Key Insight: Separate geometry (static, vectorizable) from appearance (dynamic, runtime). Curves are mathematical functions, not pixels.
When to Use
Perfect for:
- Features from bitmap sources (province borders, rivers, roads, coastlines)
- Need smooth curves at any zoom/resolution
- Static or rarely-changing geometry
- Large feature counts (1000s+) requiring efficient storage
Don't use for:
- Text rendering (use TextMeshPro SDF instead)
- UI elements (use Unity UI)
- Frequently-changing geometry (runtime curve fitting is expensive)
- Features without clear boundaries to extract
Architecture Components
1. Curve Fitting (CPU, Initialization)
Purpose: Convert pixel chains into parametric curves
Requirements:
- Least-squares or similar fitting algorithm
- Handle short chains (3-10 pixels) without degeneracy
- Segment long chains into manageable curve counts
Output: Control points (e.g., cubic Bézier: P0, P1, P2, P3)
Cost: One-time at map load, O(pixels) per feature
2. Spatial Acceleration (CPU/GPU, Initialization)
Purpose: Prevent O(all curves) tests per fragment
Required: Hash grid, quadtree, or BVH mapping screen regions to curve subsets
Critical: Without spatial acceleration, fragment shader tests all curves → GPU timeout at scale
Optimization: Aim for ~100-500 curves per grid cell maximum
3. Fragment Shader Evaluation (GPU, Per-Frame)
Purpose: Calculate distance from fragment to nearest curve
Pattern:
- Early-out using sparse mask texture (~90% of pixels skip)
- Query spatial grid for fragment position
- Test only nearby curves (not all curves)
- Distance threshold determines if fragment is "on curve"
Performance: Distance calculation is expensive (~10-20 iterations for closest point), minimize tests via spatial acceleration
4. Distance-to-Curve Algorithm
Core operation: Given fragment position and curve, find minimum distance
Common approaches:
- Bézier curves: Newton-Raphson iteration to find closest t parameter
- Line segments: Analytical solution (faster but less smooth)

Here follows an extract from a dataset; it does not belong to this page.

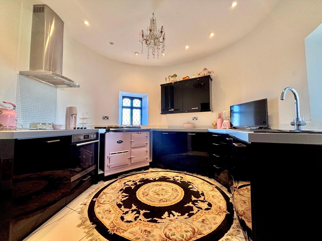 Leading through the entrance hall, the Castle features the grand Reception Room with coffered ceiling, ornate fireplace with an Esse Dragon wood burning stove and a King Arthur round table. There is a turret office/study, and the property benefits from full underground high-speed fibre. Leading up through stone arched double wooden doors there is a cloakroom with shower, the circular Kitchen with an electric AGA, electric cooker, dishwasher and integrated fridge freezer. Following through a further stone arch, a hidden storage cupboard, with a spiral staircase leading up to the First Floor with a stunning castellated Roof Terrace, which is a unique sun trap, suitable to relax and ideal for outdoor entertaining. Completing this level is a third bedroom.

- Polynomial root finding: Exact but complex
Trade-off: Accuracy vs performance - balance iteration count with quality needs
Memory Characteristics
Comparison (10K features, 2 curves per feature avg):
- Rasterized texture (5632×2048): ~40 MB
- Vector curves (20K segments × 36 bytes): ~720 KB
- Savings: 55x compression
Scalability: Curve memory grows with feature count, not map resolution
Performance Characteristics
Bottlenecks:
- Fragment shader curve tests (mitigate: spatial acceleration + early-out)

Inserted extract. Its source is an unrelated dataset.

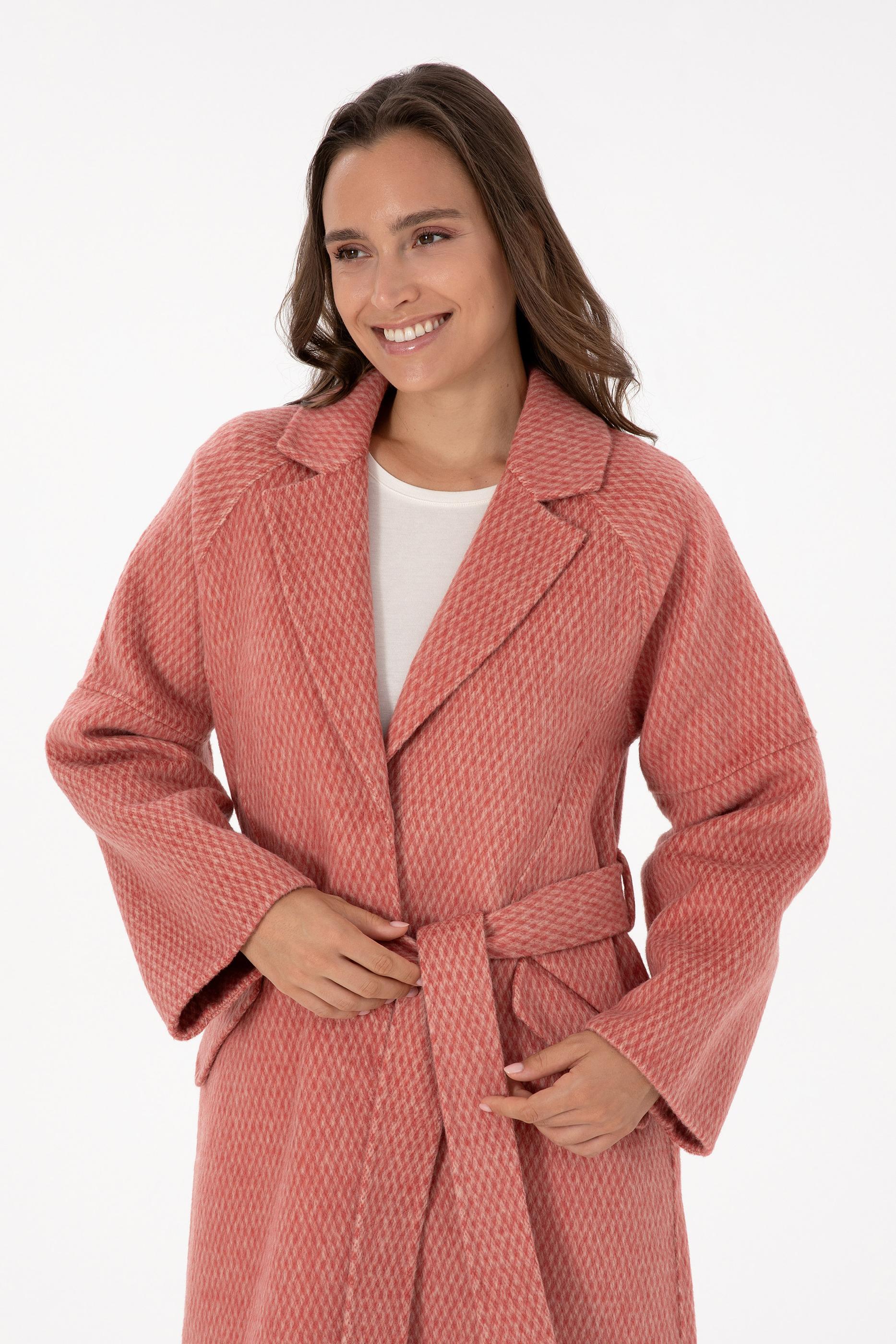 Kadın Gül Kurusu Kaşe Kaban

- Distance calculation iterations (mitigate: limit iteration count, use approximations)
- Spatial grid lookup (mitigate: uniform grid over complex structures)
Target: <0.5ms per frame for border rendering at 1080p
Achieved: 0.4-0.8ms per frame (200+ FPS at 5x speed, 100-120 FPS at 50x debug speed)
Constraints & Limitations
GPU requirements:
- StructuredBuffer support (DX11+)
- Sufficient shader instruction budget for distance calculations
- UAV texture formats (R8G8B8A8_UNorm universal, avoid R16G16_UNorm platform issues)
Limitations:
- Static geometry only (dynamic curve fitting too expensive for per-frame)

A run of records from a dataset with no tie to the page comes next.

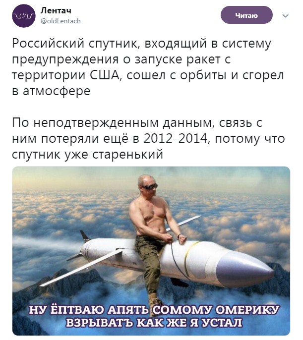 В свою очередь в командовании Воздушно-космических сил РФ заявили, что спутник "планово свели с орбиты", и он полностью сгорел в плотных слоях атмосферы над территорией Атлантического океана на высоте около 100 километров.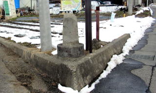 ![]() 大倉橋場の北西端の街道分岐点の石道標;「右ハ飯山道、左ハ牟礼 梅ノ木」と刻まれている |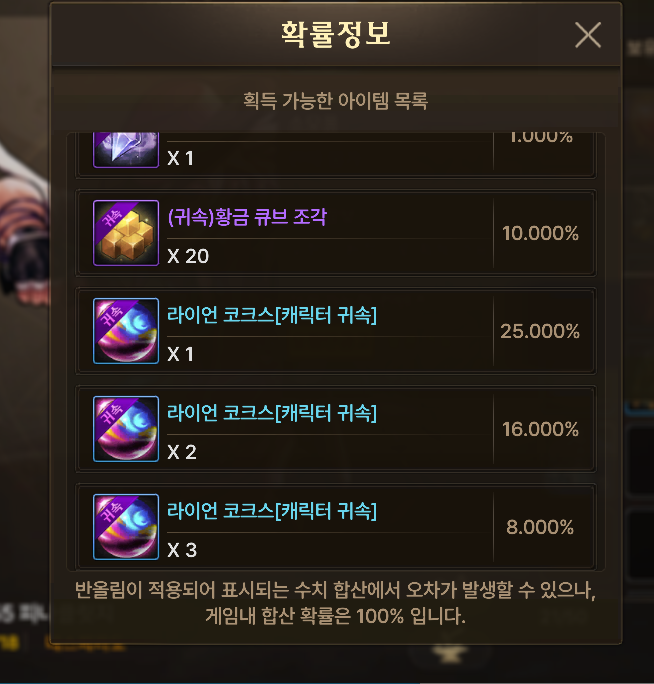 나오는 아이템은 보석들과 변환석, 황금 큐브 조각 그리코 라코가 나오네요. 사실 뭐가 나와야 꽝이고 성공이다... 할만한 품목은 없는 것 같습니다.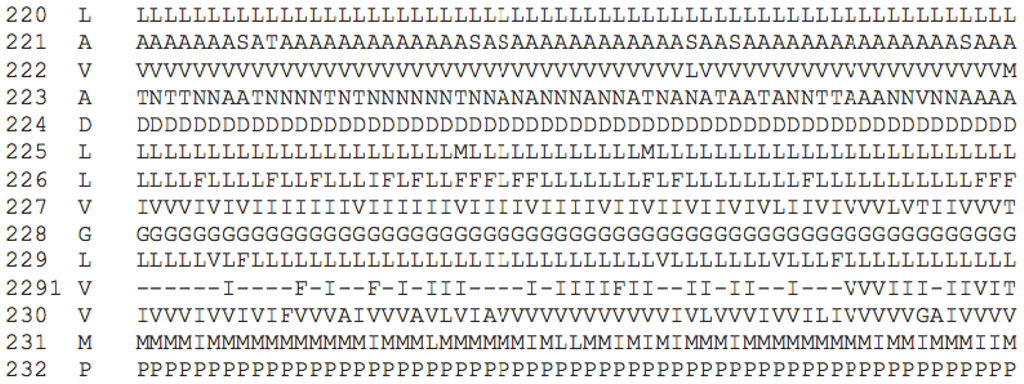 Fourteen consecutive residues in helix II (starting at the conserved L at position 220) extracted from the trace amine sequence alignment from the GPCRDB. From left to right the columns contain the GPCRDB sequence number, the consensus sequence at that position, and the amino acid at that position in each of the 61 sequences in the GPCRDB trace amine family 16. Figure copied with permission from Isberg et al. [31].

- Spatial grid must be rebuilt if curves change
- Distance calculations have iteration limits (perfect accuracy not guaranteed)
- Memory cost grows linearly with feature count
Critical Success Factors
Must have:
- Spatial acceleration (GPU timeout without it)
- Early-out optimization (sparse mask, border mask, etc.)
- Explicit struct layout ([StructLayout(Sequential)]) for CPU-GPU data transfer
- 4-byte aligned types (uint not ushort) for GPU buffer compatibility
Avoid:
- Testing all curves per fragment (O(curves) → GPU timeout)
- Runtime curve refitting (too expensive, pre-compute at init)
- Rasterizing curves back to texture (defeats resolution independence)
- Float operations for curve control points (use consistent precision)
Known Applications
Implemented:
- Province/country borders (583K Bézier segments, 100+ FPS)
Transferable to:
- Rivers (extract from bitmap, fit curves, render with width/flow)
- Roads/trade routes (smooth paths with dynamic width)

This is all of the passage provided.